Creados para saltar a la vista de todos
Imagen por Bill Higham
Enrique Leyer contempló con tristeza una escena que lo conmovió profundamente. Un gran camión de carga transportaba doce caballos que iban al matadero porque ya no servían para correr. A Enrique le llamó la atención uno de los caballos, y el dueño se lo vendió por unos treinta dólares.
Aunque no le había costado mucho, Enrique comenzó a cuidar de su caballo con mucho esmero. Cuando le dio su primer baño, se dio cuenta de que el noble animal tenía pelo blanco y reluciente, así que decidió llamarlo «Nieve». Pero Enrique tenía un gran problema. No lograba mantener al caballo en el corral. Siempre se le escapaba saltando los cercos, hasta los más altos.

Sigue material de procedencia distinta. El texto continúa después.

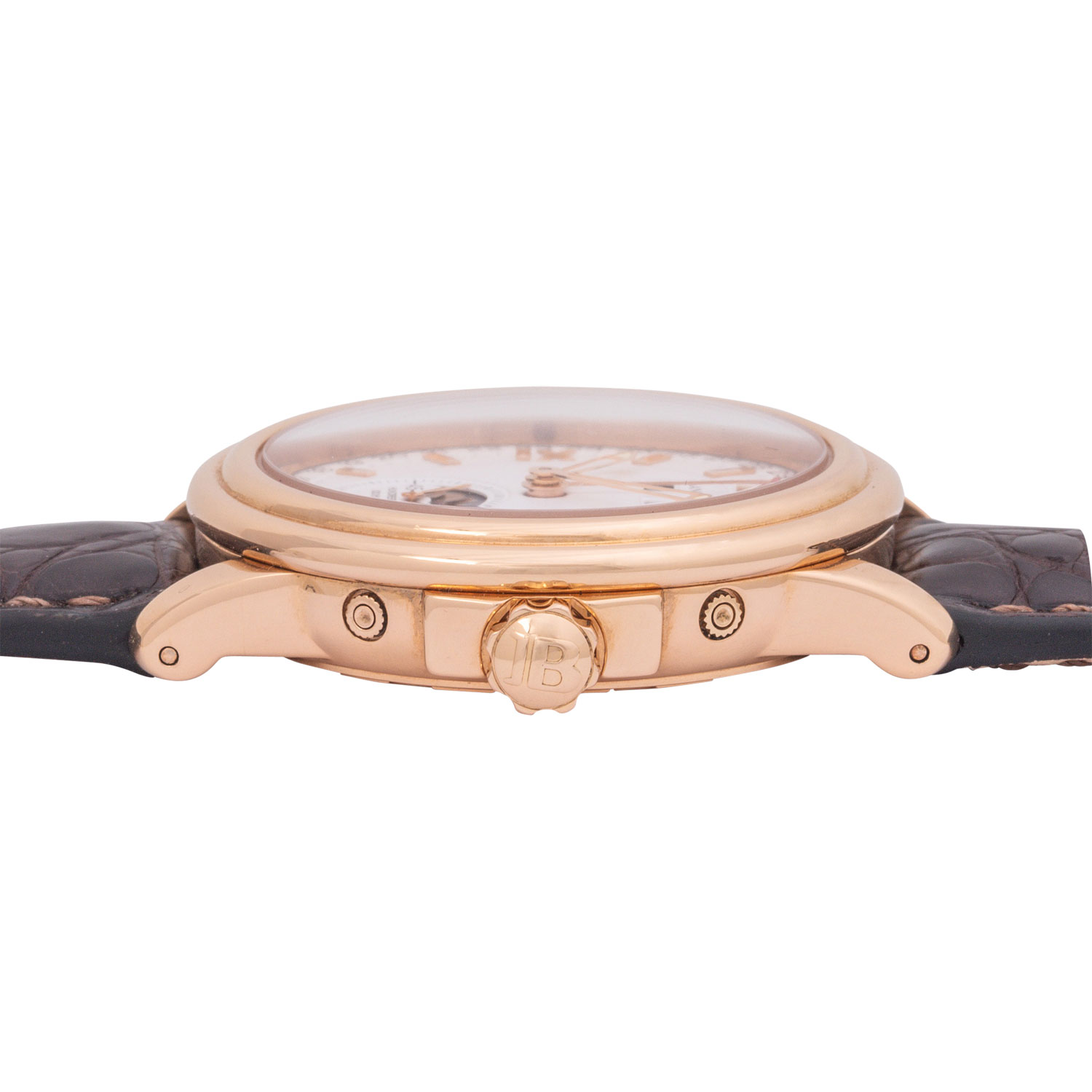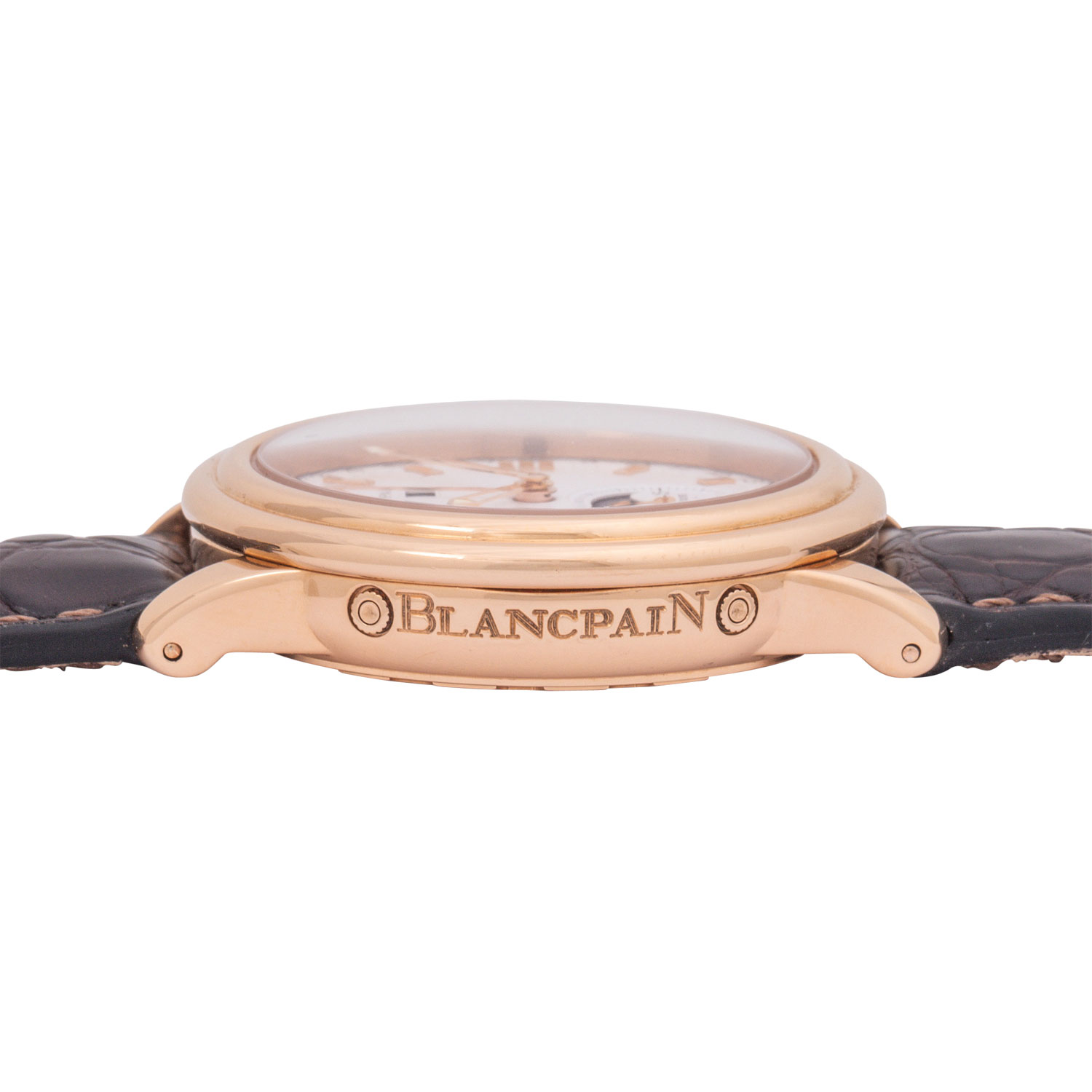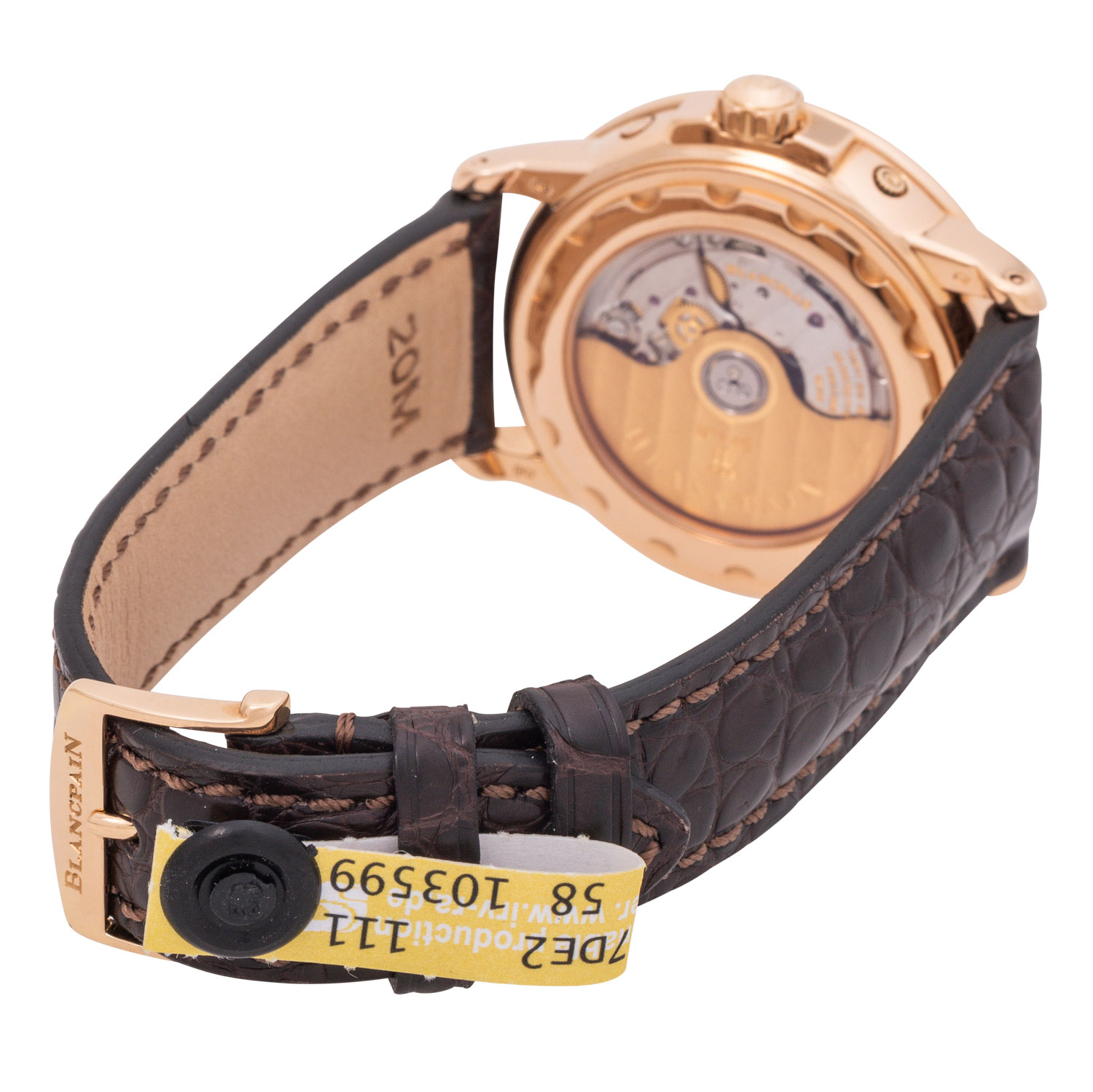 Herren Armbanduhr. Erstkauf 15.11.2002 bei Juwelier Scheibel in Berlin. Roségold 18K mit Saphirglasboden. Automatik-Werk Blancpain Kal. 6763. Sehr gute Gangwerte (+4 Sek., 283°). Zifferblatt mit goldenen Indizes. Wochentag, Datums- und Monatsanzeige sowie Mondphaseanzeige mit kleiner Sekunde bei 6 Uhr. Neues Lederarmband mit original Dornschließe in 18K Roségold. Sehr guter Zustand, minimale Gebrauchsspuren am Gehäuse und an der Schließe. Original Box mit Umkarton, Anleitung, Garantiezertifkat, Stellstift mit Schraubendreher, Revisionsbeleg von 2010, Uhrenpass und Kaufrechnung vom 14.07.2009 vom Kauf bei Juwelier Häffner in Stuttgart anbei. Durchmesser ca. 38 mm ohne Krone.
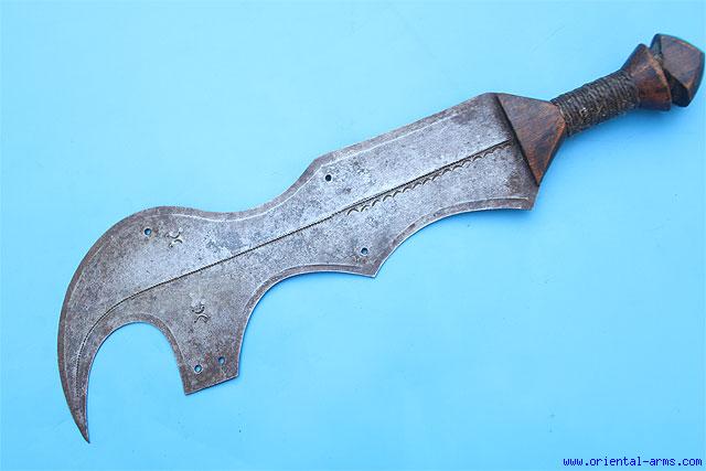 This type of sword is common between the Ngombe people of central Zaire. There are many legends concerning the use of such swords for execution. Either it is right or wrong, it is definitely a very interesting sword and always was regarded as a symbol of status. This one is definitely too small and too light to be used for execution but it is a fine piece of its kind. Very well forged blade, nicely decorated , 11 inches long. The hilt is wood with the grip bound with thread. Very good plus condition. |
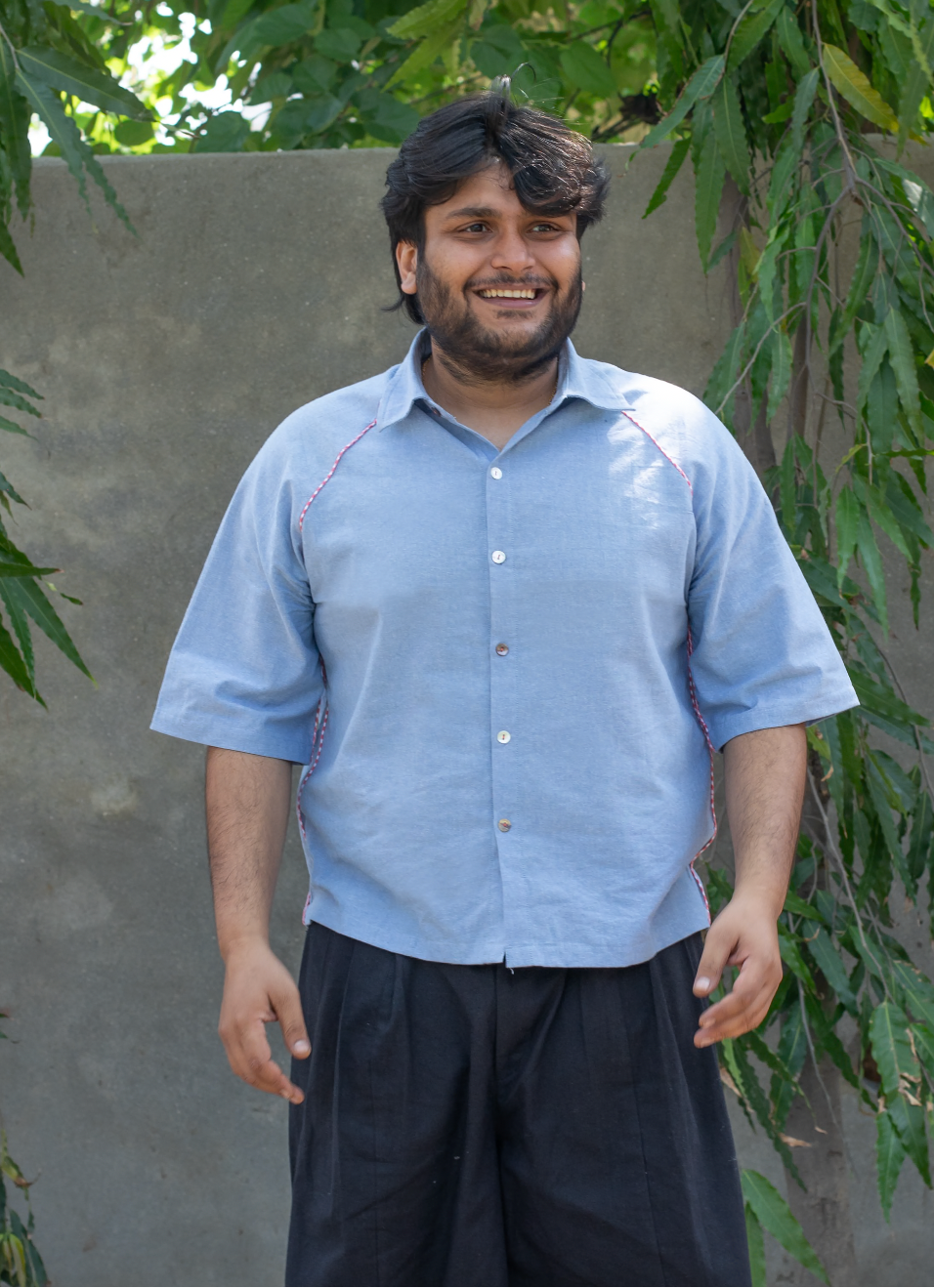 mismatched shell buttons stitched with contrast redthread add that extra design touch.

Un día, Enrique llevó al caballo a un entrenador. Cuando el hombre lo vio saltar, reconoció que era un gran caballo, así que aceptó entrenarlo. A los pocos meses de preparación, fue tan sobresaliente la destreza de Nieve que comenzó a competir en concursos hípicos de salto. De ahí que se fuera incrementando su valor y que fuera vendido y comprado por diferentes dueños a los que les rindió cada vez más utilidad. ¡Con decir que la última cifra por la que se vendió aquel extraordinario animal fue cien mil dólares, el mismo caballo que había sido vendido inicialmente por sólo treinta dólares!
Este curioso caso nos hace reflexionar sobre nuestro propio valor. ¿Qué vemos cuando nos imaginamos lo que pudiera ser nuestra vida sin Cristo como dueño? ¿Vemos a un pobre, decepcionado porque los demás lo tratan como si no valiera nada? ¿Vemos a un drogadicto o a un borracho, imbuidos en todo lo que ofrece el mundo? ¿Vemos a un ladrón que tiene que robar para alimentar su vicio? ¿Vemos a un infeliz a quien nadie quiere y que no es más que una vergüenza para la sociedad? Ese pudiera ser el caso nuestro.
Gracias a Dios, lo que ha marcado la diferencia en muchos de nosotros es el haberle dado entrada a Cristo en nuestro corazón, permitiéndole que cambiara nuestra vida por completo. A raíz de esa trascendental decisión, las ambiciones que tenemos ahora, las tenemos porque Él nos las dio; la paz que tenemos en el corazón, la tenemos porque Él nos la dio; y el gozo y la satisfacción que hoy sentimos, los sentimos porque Él nos los dio. En fin, sabemos a ciencia cierta que, sin Cristo en el corazón, fácilmente podríamos ser las más desdichadas de todas las personas.
Hagamos dueño de nuestra vida a Aquel que nos creó con la capacidad de saltar a la vista de todos. Él ya nos compró por el precio más alto posible: el de su propia sangre vertida para salvarnos de la muerte eterna. A sus ojos, tenemos un valor incalculable.